The Real Truth About Social Security
"…poor judgment…poor policy…ill-founded policy…Poor policies…bad policy". Thus opines Edward C. Prescott on the character and lineage of Social Security. Of the conservative arguments for the privatization of Social Security, Paul Krugman recently wrote:
Social Security is a government program that works, a demonstration that a modest amount of taxing and spending can make people's lives better and more secure. And that's why the right wants to destroy it.
As if in a direct rebuke of this attack, Mister (oh how WSJ loves that word) Prescott assures us all that he hasn't a politically motivated bone in his body:
Why a politician from any party would want to intentionally destroy a retirement program meant to benefit the elderly is beyond me. Such political claptrap makes me glad I'm an economist.
Did you catch the stink-eye? Paul Krugman, you see, is an economist too! -- Meeow! But to the point. Ed Prescott says that the Social Security in its current form is just plain dreadful and needs to be "rebuilt", primarily so that people can express their "rationality" by being liberated from – you guessed it - taxes!

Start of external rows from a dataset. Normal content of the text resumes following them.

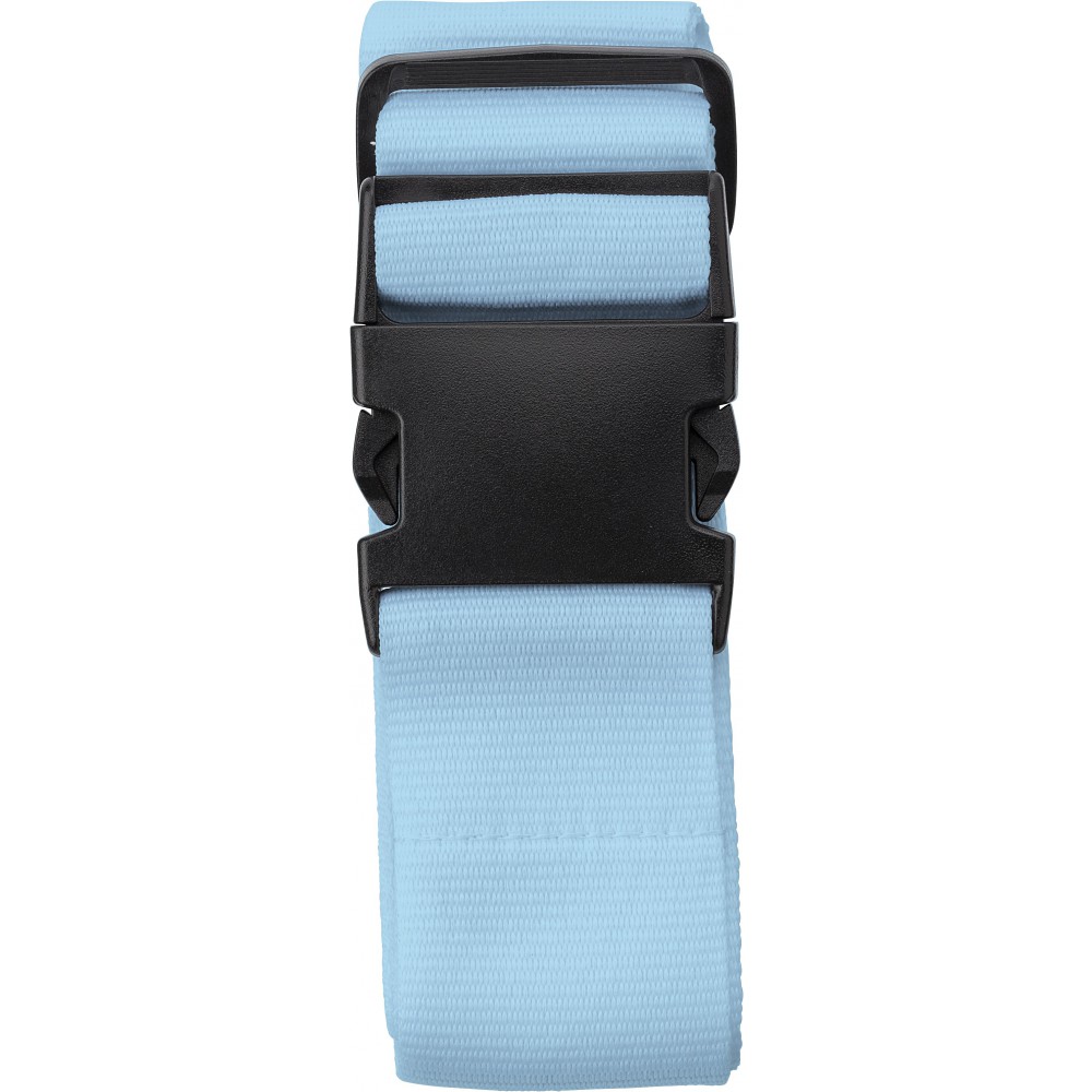 Bőröndösszefogó pánt műanyag csattal. Emblémázás: Szitanyomás, Tamponnyomás
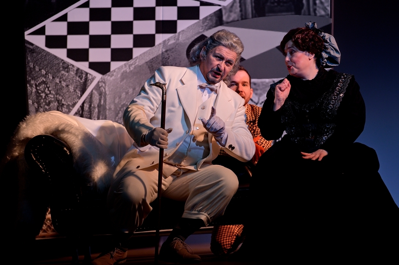 Inscenátorům se podařilo tentokrát obsadit role mezinárodním týmem, který byl pěvecky dobře vyvážený. Zinu zpívala Veronika Rovná, její hlas je silný a barevný, nese se prostorem bez potíží, bylo celkem zbytečné, že se snažila o forte, které působilo mnohdy ostře, zejména ve výškách. Její matku Marju Alexandrovnu představovala španělská pěvkyně Marta Infante, která vládne příjemným mezzosopránem, kterým se jí povedlo se šarmem přednést pěvecké číslo o Madeiře. Nastasju zpívala Irena Parlov z Chorvatska a s chutí vytvořila postavu zlomyslné a zahořklé stárnoucí ženské a barevným altem zvládala part s lehkostí. Roli Knížete si zahrál Pavol Kubáň ze Slovenska a přes své mládí si vychutnával roli senilního seladona a pohrával si příjemným barytonem s jemnými piany. Jeho podlého synovce Pavla si vychutnal Jorge Garza, pocházející z Mexika. Příjemný, dobře se nesoucí tenor a komediální schopnosti mu umožnily vytvořit plnokrevnou postavu intrikána a padoucha. Malou, ale podstatnou roli Barbary, nosící Zině zprávy od Fedi, ztvárnila Monika Jägerová a opilou, veselou postavu Sofii Petrovny s jedním pěveckým vstupem odvedla svěžím mezzosopránem Hana Dobešová. Archivářem s příjemným a pevným barytonem byl Roman Vlkovič. Panoptikum postav stylově doplnili Jiří Blažek a Jiří Dvořák jako téměř identická dvojčata v mimické roli sluhy Theophila.
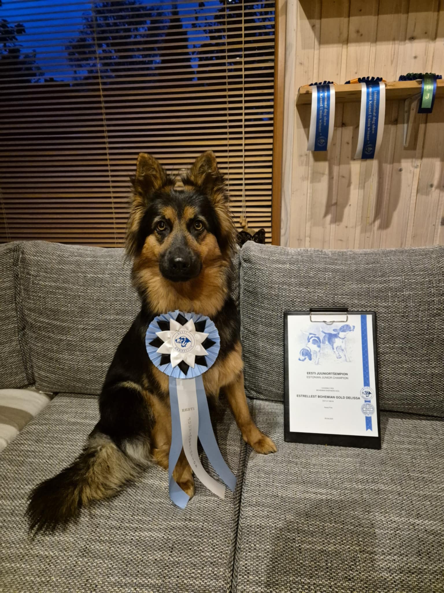 Estrellest Bohemian Gold Delissa. Kinnitatud tiitlid 2025: Eesti Kennelliidu Võitja 2025 (EKL W25)Eesti Kennelliidu Juuniorvõitja 2025 (EKL JW25)Eesti Juuniortšempion (EST JCH)
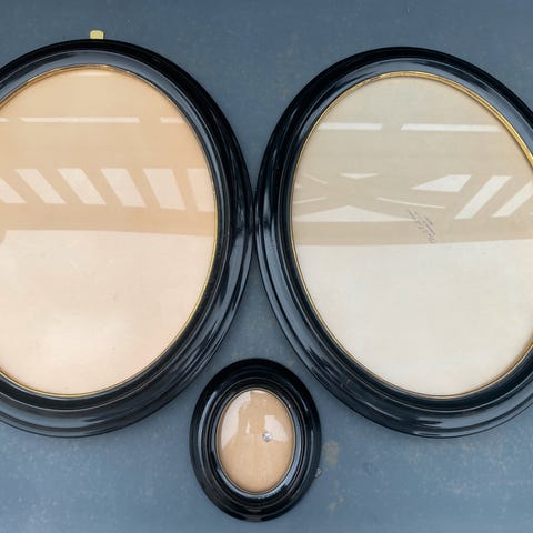 Rammer, Ovale, Sælger 2 stk sorte ovale plastik rammer fra 1970-1980 erne. Rammerne er ca 22.3 cm × ca 17 cm.
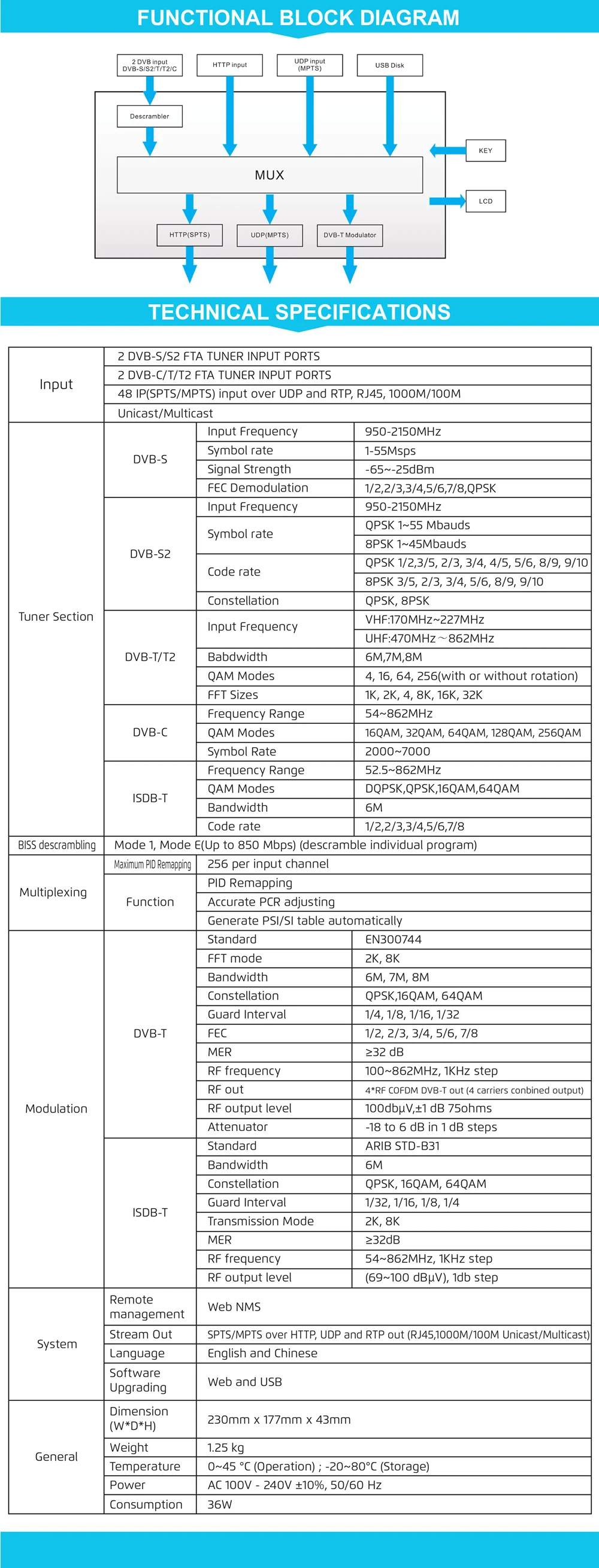 ST8631 is a transponder that converts DVB signals into IP signals or DVB-T signals. It receives the programs of up to two channels or transponders, selects the programs they need and packs them into a new data stream, pushes the IP stream, or re-modulates it into a DVB-T signal and sends it out.This machine can directly configure the parameters by the buttons, or connect to the network through the Ethernet port and use the PC-side tools for quick configuration. It can also group multiple machines into a network, and realize remote monitoring and setting through the Ethernet network.
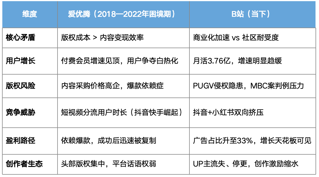提這個問題,不是危言聳聽。是因為B站正在經歷的結構性困境,和愛優騰當年的前奏,驚人地相似。

Would […] changes in tax rates and changes in government promises affect labor supply? Theory says "yes," the statistical evidence agrees, and common sense concurs.
Perhaps insofar as everything "affect[s] labor supply". Yes, Virginia, things other than tax cuts can create jobs (a quick Google search turned up Physics, Renewable Energy, Less pollution, Outsourcing, Wal-Mart, Hire-'N-Fire, Gravity Research, Medical Privacy, Tourism, Civil Justice Reform, Immigration, and a disabled shoe repairman in South Africa). As for the theory he proposes, well…10 minutes before I read Mister Prescott's article, I came across this passage in a little unrelated reading:
…while the social sciences are truly science, when pursued descriptively and analytically, social theory is not yet true theory. The social sciences [which included economics] possess the same general traits as the natural sciences in the early, natural-history or mostly descriptive period of their historical development. From a rich data base they have ordered and classified social phenomena. They have discovered patterns of communal behavior and successfully traced interactions in history and cultural evolution. But they have not crafted a web of causal explanation that successfully cuts down through the levels of organization form society to mind and brain. Failing to probe this far, they lack what can be called a true scientific theory. Consequently, even though they often speak of "theory" and, moreover, address the same species and the same level of organization, they remain disunited.
I thought that was interesting. As for common sense, well…Albert Einstein said it best: "Common sense is the collection of prejudices acquired by age eighteen."
Why does everyone with an ideology always insist that they're not ideological?